Saturday, June 01, 2013

The Coming of Shakespeare

We have a new creature on our farm, and to truly tell you properly about the coming of this little animal, I must start way back at the beginning (which is a very good place to start) and tell you the WHOLE story.  Now the next sentence might seem completely disconnected from Lily Spring Gardens and Farm, and our newest acquisition, but please bear with me and hold on, it will all come clear at the end.

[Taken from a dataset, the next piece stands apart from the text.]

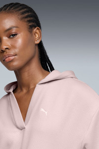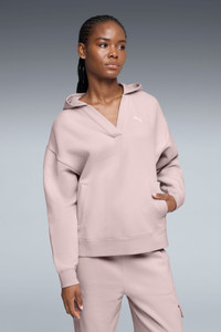 PRODUCT STORY Own the moment with this relaxed-fit hoodie, featuring a jacquard pattern and embroidered PUMA Cat for a subtle edge. Elastic cuffs and hem keep it secure, while the open neckline adds casual vibes. Perfect for coffee runs or cozy meetups, it's your go-to for effortless, everyday style. FEATURES & BENEFITS - Made with at least 30% recycled materials DETAILS - Style: 690348_49 - Color: Mauve Mist - Fit: Relaxed - Main Material: Cotton - V-Neck - Long sleeves - Pockets: Kangaroo Pocket MATERIAL INFORMATION - Hood Lining: 100% cotton - Shell: 64% cotton, 36% polyester - Rib: 97% cotton, 3% elastane

On the spring day, April 26th 1564, in the small market town of Stratford-upon-Avon, John and Mary Shakespeare baptized their third child, a boy, who they named William Shakespeare.   Not much is known about young William Shakespeare's schooling or childhood until the age of 18 when he married Anne Hathaway who was 7 years his senior, and soon after had a girl and then twins.  Once again Shakespeare slips out of history and does not appear again till he took to the stage in 1592.  Shakespeare wrote and acted in plays till 1613, and while he was well accepted in his day, his works did not achieve great fame till long after his death (in 1616).  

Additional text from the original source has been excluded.